Information that must at least be provided by the Service Provider shall include:
- The nature of the Personal Data Breach
- The Personal Data and Data Subject
- Likely consequences of the Security Breach
- Measures proposed or implemented by the Service Provider to address the Security Breach, including, where appropriate, measures to mitigate its possible adverse effects.
The Service Provider shall also inform the Controller of further developments concerning the Security Breach after having reported the breach pursuant to the first paragraph.
Each party shall bear their own costs relating to the report to the Data Subject.
9. Returning Personal Data
After expiry of the Agreement, the Service Provider shall, at the discretion of the Controller, arrange for the return of all Personal Data to the Controller or for the erasure of all Personal Data. The Service Provider shall remove all copies, except where otherwise provided by law.
10. Obligation to disclose information
The Service Provider shall provide all information necessary to demonstrate that the obligations arising from this Data Processing Agreement have been and are being fulfilled.
The Controller shall have the right to conduct audits to verify compliance with all points of the Data Processing Agreement and everything directly related to this. This audit shall only take place after the Controller has requested similar audit reports from the Service Provider, reviewed them, and put forward reasonable arguments to justify an audit initiated by the Controller.

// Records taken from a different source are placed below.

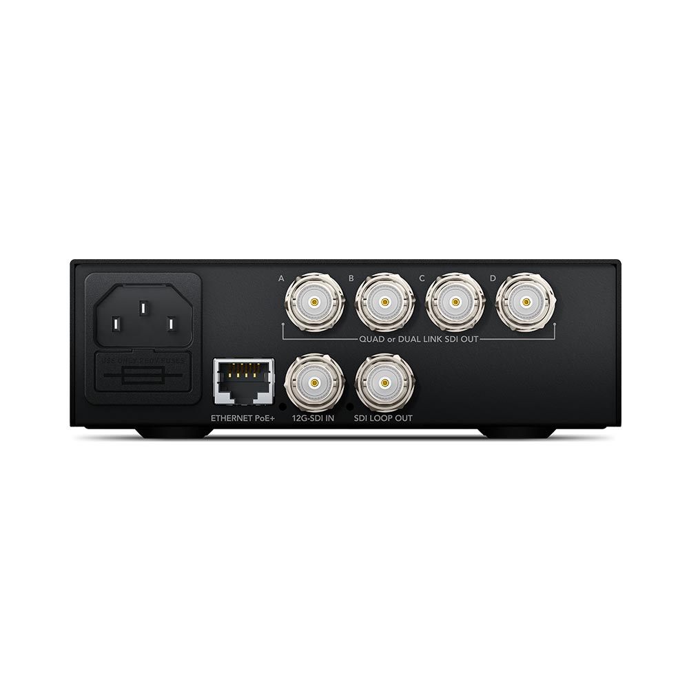 Convert 12G-SDI to Quad Link SDI so you can connect the latest 12G-SDI Ultra HD equipment with Quad Link Ultra HD equipment. Also allows Ultra HD SDI to be separated into four HD SDI outputs for using regular HD displays for creating video wall style displays. Includes 12G-SDI loop through and support for both Level A and Level B 3G-SDI equipment.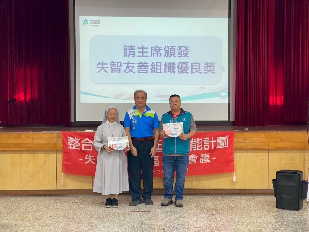 會議議程中,玉里醫院頒發「失智友善組織推行優良獎」獎狀,表揚鐵份、下德武、苓雅、春日、泰林、樂合、松浦等文化健康站,以及玉溪地區農會與全家便利商店玉里玉溪店等單位,感謝他們積極營造友善環境,讓失智者能安心參與社區生活。醫院也頒發「失智友善天使獎」,表揚王春菊、邱佩菁、陳怡璇、曾美珠、吳珍琴、林晉暉、黃秋玉、黃秋華、徐李妹與范運森等十位天使。他們在社區中主動關懷失智者及其家庭,展現同理與行動力,主動提供協助,堪為典範。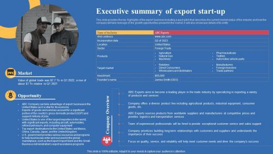 This slide provides the key highlights of the export business including a quick pitch that describes the current market status of the industry and how the company will take leverage of the growth opportunities present in the market. It will also showcase details of its entity. If your project calls for a presentation, then Slidegeeks is your go-to partner because we have professionally designed, easy-to-edit templates that are perfect for any presentation. After downloading, you can easily edit Executive Summary Of Export Start Up Export Business Plan Formats Pdf and make the changes accordingly. You can rearrange slides or fill them with different images. Check out all the handy templates This slide provides the key highlights of the export business including a quick pitch that describes the current market status of the industry and how the company will take leverage of the growth opportunities present in the market. It will also showcase details of its entity.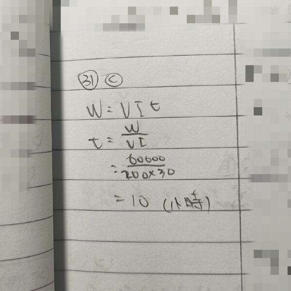 31 有一電動車之充電電池容量為 60 kWh,若有一標準充電器可提供 200 V、30 A 的電流,設初時,充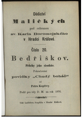 KOPAL, Petr. Bedřiškov: příběhy jeho sirotkův : pokračování povídky "Chudý boháč". V Hradci Králové: Dědictví Maličkých, 1876. 183 s., [4] l. obr. příl. Dědictví Maličkých pod ochranou sv. Karla Boromejského v Hradci Králové, č. 20.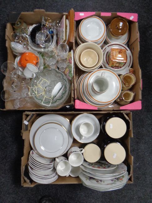 Three boxes containing assorted dinnerware, Royal Doulton Autumn Glory tea china, kitchen storage jars, drinking glasses, paperweights etc.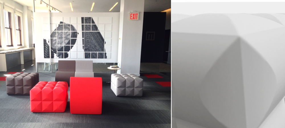 The Bench is a versatile pouf and bench collection available in three sizes and 30 standard colors.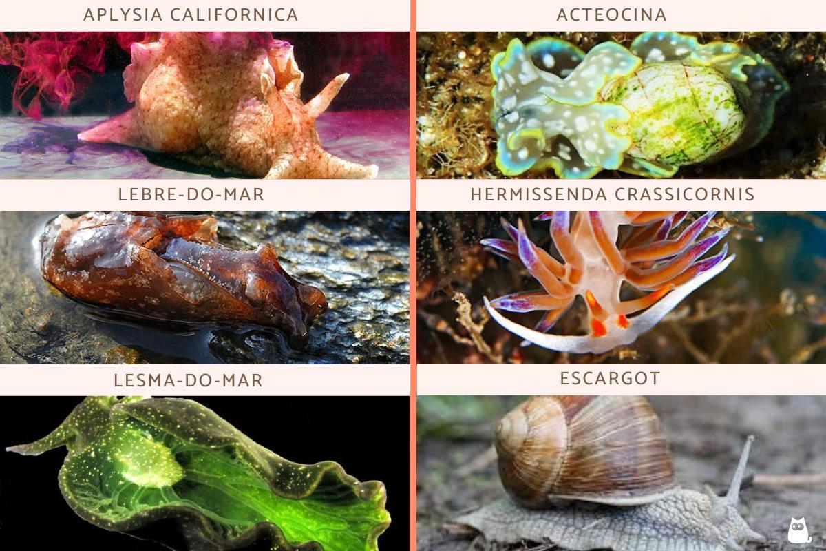 - Os nomes comuns incluem: lesmas marinhas, lebres marinhas, borboletas marinhas e conchas canoas.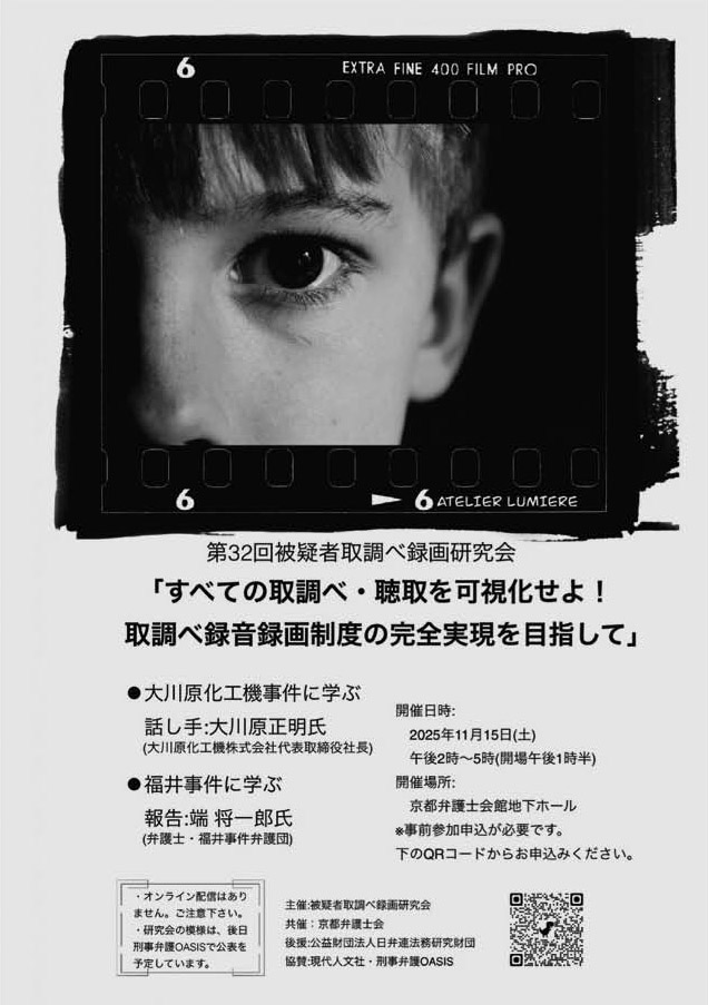 11月15日「被疑者取調べ録画研究会」公開研究会/「すべての取調べ・聴取を可視化せよ! 取調べ録音録画制度の完全実現を目指して」を、京都で開催!

Such an audit shall be justified in the event of a concrete suspicion of abuse. The Controller shall communicate the audit to the Service Provider in advance, with due observance of a minimum period of two weeks.

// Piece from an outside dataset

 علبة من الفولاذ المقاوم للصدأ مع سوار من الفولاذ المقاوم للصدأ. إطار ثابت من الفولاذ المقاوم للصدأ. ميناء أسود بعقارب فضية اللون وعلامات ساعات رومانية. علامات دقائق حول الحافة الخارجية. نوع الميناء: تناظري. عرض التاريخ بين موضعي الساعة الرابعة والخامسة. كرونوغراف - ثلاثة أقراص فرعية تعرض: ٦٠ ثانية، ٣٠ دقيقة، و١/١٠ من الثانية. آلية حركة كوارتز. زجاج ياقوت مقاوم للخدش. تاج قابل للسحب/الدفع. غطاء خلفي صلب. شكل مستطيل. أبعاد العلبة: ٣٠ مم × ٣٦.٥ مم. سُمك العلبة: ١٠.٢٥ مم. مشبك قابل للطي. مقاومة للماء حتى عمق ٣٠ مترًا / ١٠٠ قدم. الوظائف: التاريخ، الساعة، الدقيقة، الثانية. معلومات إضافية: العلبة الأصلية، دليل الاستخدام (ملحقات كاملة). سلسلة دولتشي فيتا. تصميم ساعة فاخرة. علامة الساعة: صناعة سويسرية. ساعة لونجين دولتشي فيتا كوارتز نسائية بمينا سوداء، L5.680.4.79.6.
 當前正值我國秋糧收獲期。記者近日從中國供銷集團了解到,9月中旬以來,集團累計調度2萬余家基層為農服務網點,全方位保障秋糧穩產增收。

The findings in respect of the audit carried out shall be implemented by the Service Provider as soon as possible.
The costs of the audit as described in paragraph 1 shall be borne by the Service Provider, in the event of non-trivial breaches of the obligations arising from the Data Processing Agreement. Otherwise, the costs shall be borne by the Controller.
11. Other Terms and Conditions
The Service Provider shall be liable towards the Controller for all consequences of the breach of this Data Processing Agreement, and shall indemnify the Controller against all claims by third parties, including any penalties, to the extent attributable to the Processor.
In the event that any of the provisions of this Agreement are held to be invalid or unenforceable in whole or in part, all other provisions will nevertheless continue to be valid and enforceable with the invalid or unenforceable parts severed from the remainder of this Agreement.
Certification as required by Section 1798.40 CCPA:
As the person receiving the personal information I hereby certify that I understand the following restrictions and will comply with them.
This agreement prohibits me from:
- Selling the personal information.
- Retaining, using, or disclosing the personal information for any purpose other than for the specific purpose of performing the services specified in the contract, including retaining, using, or disclosing the personal information for a commercial purpose other than providing the services specified in the contract.
- Retaining, using, or disclosing the information outside of the direct business relationship between myself and the business.
This agreement takes effect when all parties have signed it, and its date is the date next to [or below] the signature of the last signer to sign it.
___________ day of ____________
Annex 1: The Processing of Personal Data
Purpose of the processing
Processes of Customer Orders
Within the scope of the Data Processing Agreement, the Service Provider shall process the following Personal data on the instructions of the Controller:
- Name Address City
- Phone number
- Email address
Data subject categories
Personal data of the following groups of persons shall be processed:
Data subject categories
The Controller shall ensure that the purposes, personal data, and categories of data subjects described in this Annex 1 are complete and correct, and shall indemnify the Service Provider against any defects and claims resulting from an incorrect representation by the Controller.